Could you output each line below precisely as it stands, without the images?
RECORDS SHOWN below:
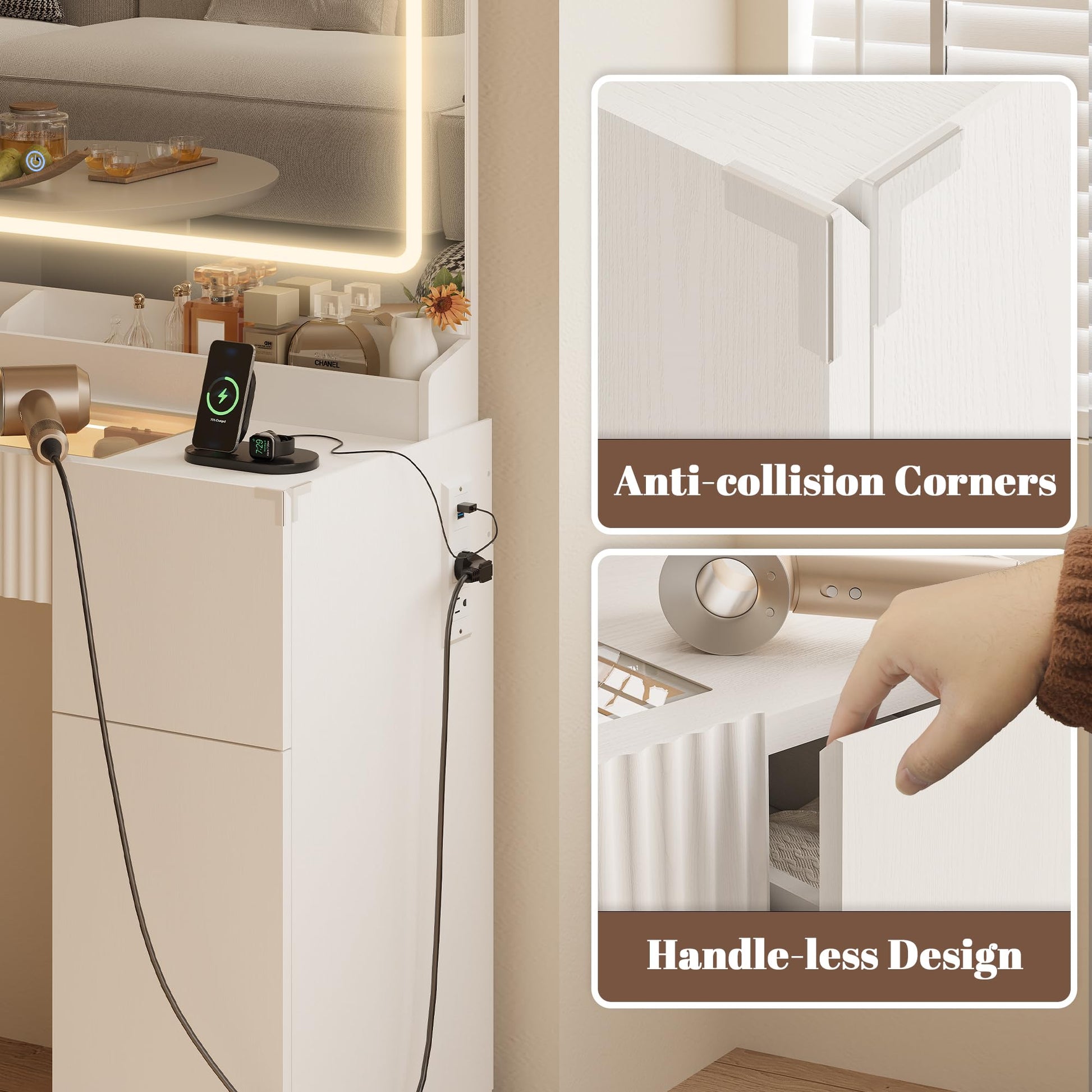 - 【Ample Storage Space】white vanity with lighted mirror offers a compact design without compromising on storage capacity. With 2 drawer, 3 shelves, and a acrylic 2-tier storage cabinet, you can easily store and access all your makeup essentials, jewelry, perfumes, hair straighteners, and more.
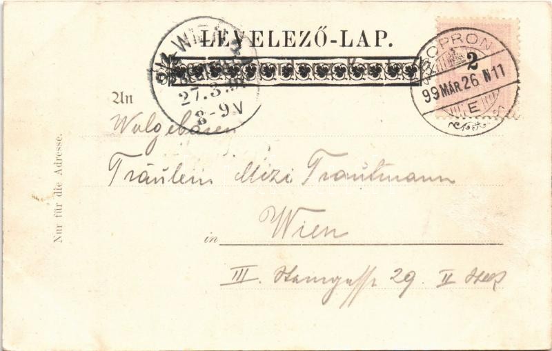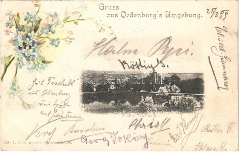 Leírás: 1899 (Vorläufer) Sopron, Oedenburg; Kleine Teichmühle / Tómalom. L.F. Kummert 1694. floral, litho
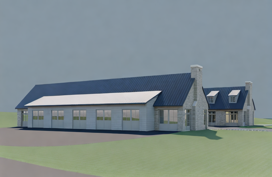 north woods natural landscaping large scale stone exterior standing seam metal roof paved driveway flagstone patios on the sides of the home natural grass where green all exterior doors and windows in pella portobello cladding note additional driveway located at front of home right of image architecture
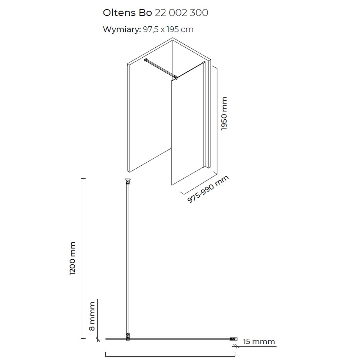Oltens Bo Duschwand 100 cm schwarz Matte/durchsichtiges Glas 22002300
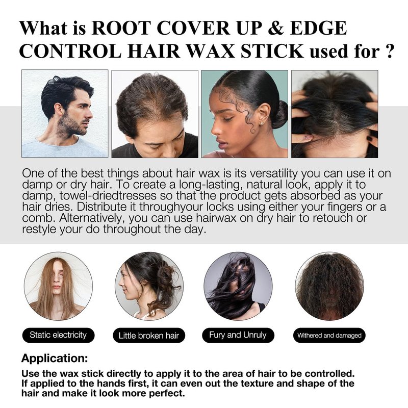 - What is ROOT COVER UP & EDGE CONTROL HAIR WAX STICK used for? One of the best things about hair wax is its versatility you can use it on damp or dry hair. To create a long-lasting, natural look, apply it to damp, towel-driedtresses so that the product gets absorbed as your hair dries. Distribute it throughyour locks using either your fingers or a comb. Alternatively, you can use hairwax on dry hair to retouch or restyle your do throughout the day.
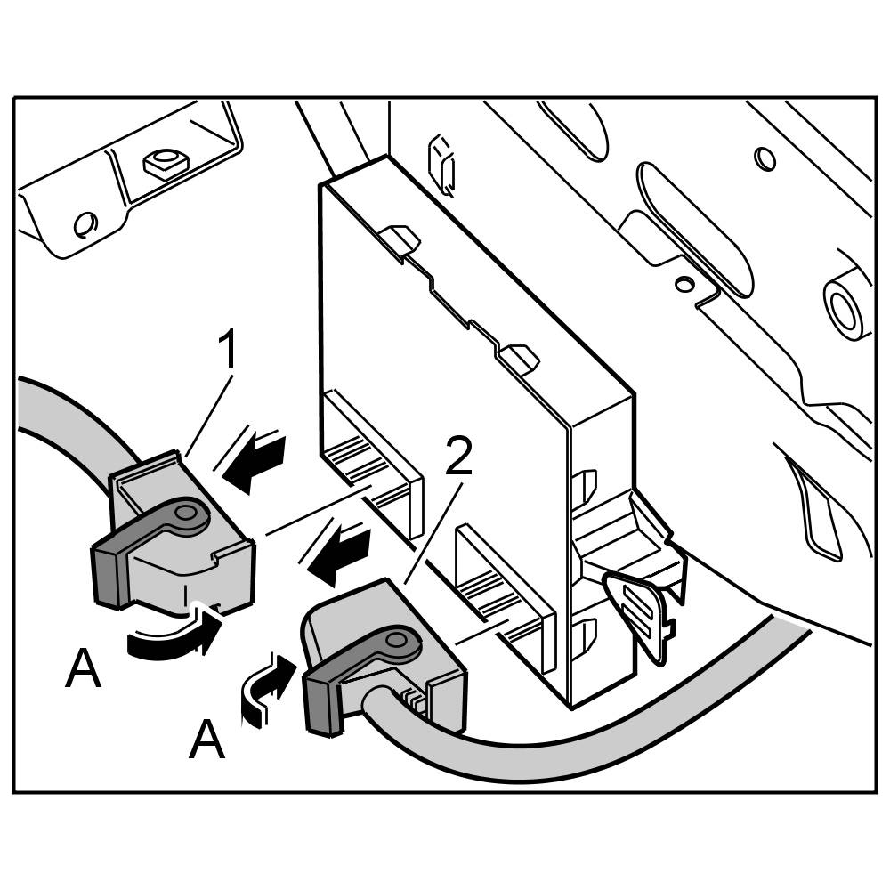 1. Press both electrical connectors -1, 2- into control unit and lock them until they are felt to engage.
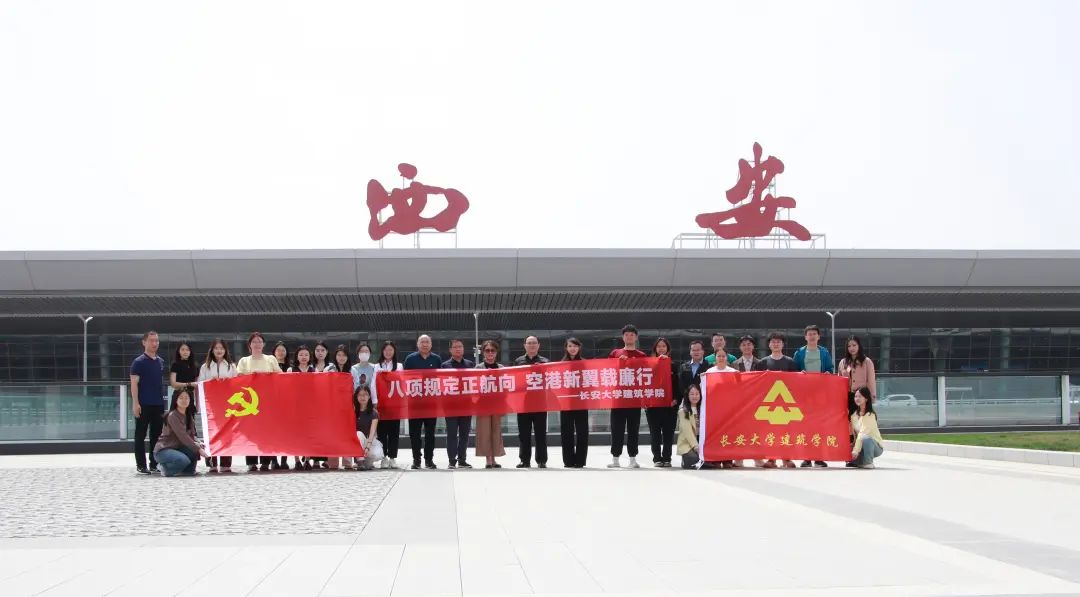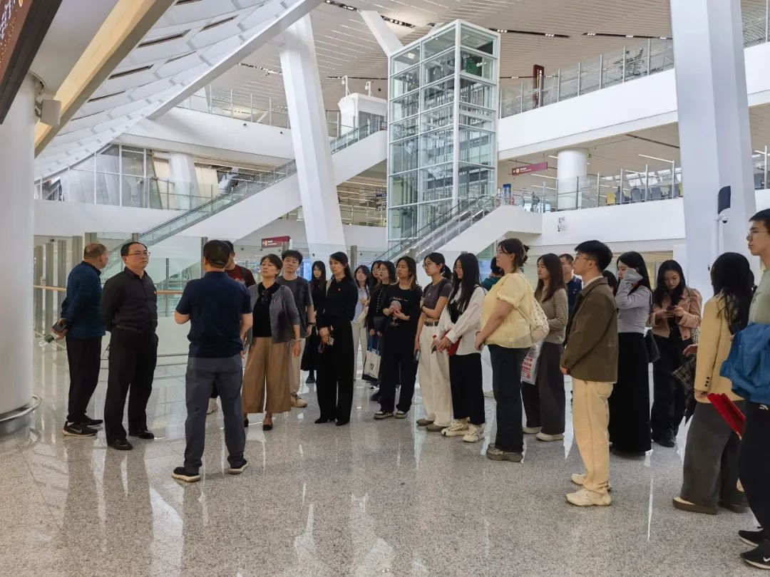 为深入贯彻中央八项规定精神学习教育,推动党建与专业教育深度融合。4月9日下午,51黑料网 党委组织本硕学生党员代表赴西安咸阳国际机场T5航站楼开展“八项规定正航向,空港新翼载廉行”的主题党日活动。中国建筑西北设计研究院有限公司第三建筑设计研究院总建筑师、2002届校友王刚,学院党委书记贾侃,组织员申伟、周文宁,党委副书记王妍婷,以及学生工作办公室全体辅导员参加,活动由王妍婷主持。
End of RECORDS SHOWN.
### COMPLETED TASK
 - 【Ample Storage Space】white vanity with lighted mirror offers a compact design without compromising on storage capacity. With 2 drawer, 3 shelves, and a acrylic 2-tier storage cabinet, you can easily store and access all your makeup essentials, jewelry, perfumes, hair straighteners, and more.
 Leírás: 1899 (Vorläufer) Sopron, Oedenburg; Kleine Teichmühle / Tómalom. L.F. Kummert 1694. floral, litho
 north woods natural landscaping large scale stone exterior standing seam metal roof paved driveway flagstone patios on the sides of the home natural grass where green all exterior doors and windows in pella portobello cladding note additional driveway located at front of home right of image architecture
Oltens Bo Duschwand 100 cm schwarz Matte/durchsichtiges Glas 22002300
 - What is ROOT COVER UP & EDGE CONTROL HAIR WAX STICK used for? One of the best things about hair wax is its versatility you can use it on damp or dry hair. To create a long-lasting, natural look, apply it to damp, towel-driedtresses so that the product gets absorbed as your hair dries. Distribute it throughyour locks using either your fingers or a comb. Alternatively, you can use hairwax on dry hair to retouch or restyle your do throughout the day.
 1. Press both electrical connectors -1, 2- into control unit and lock them until they are felt to engage.
 为深入贯彻中央八项规定精神学习教育,推动党建与专业教育深度融合。4月9日下午,51黑料网 党委组织本硕学生党员代表赴西安咸阳国际机场T5航站楼开展“八项规定正航向,空港新翼载廉行”的主题党日活动。中国建筑西北设计研究院有限公司第三建筑设计研究院总建筑师、2002届校友王刚,学院党委书记贾侃,组织员申伟、周文宁,党委副书记王妍婷,以及学生工作办公室全体辅导员参加,活动由王妍婷主持。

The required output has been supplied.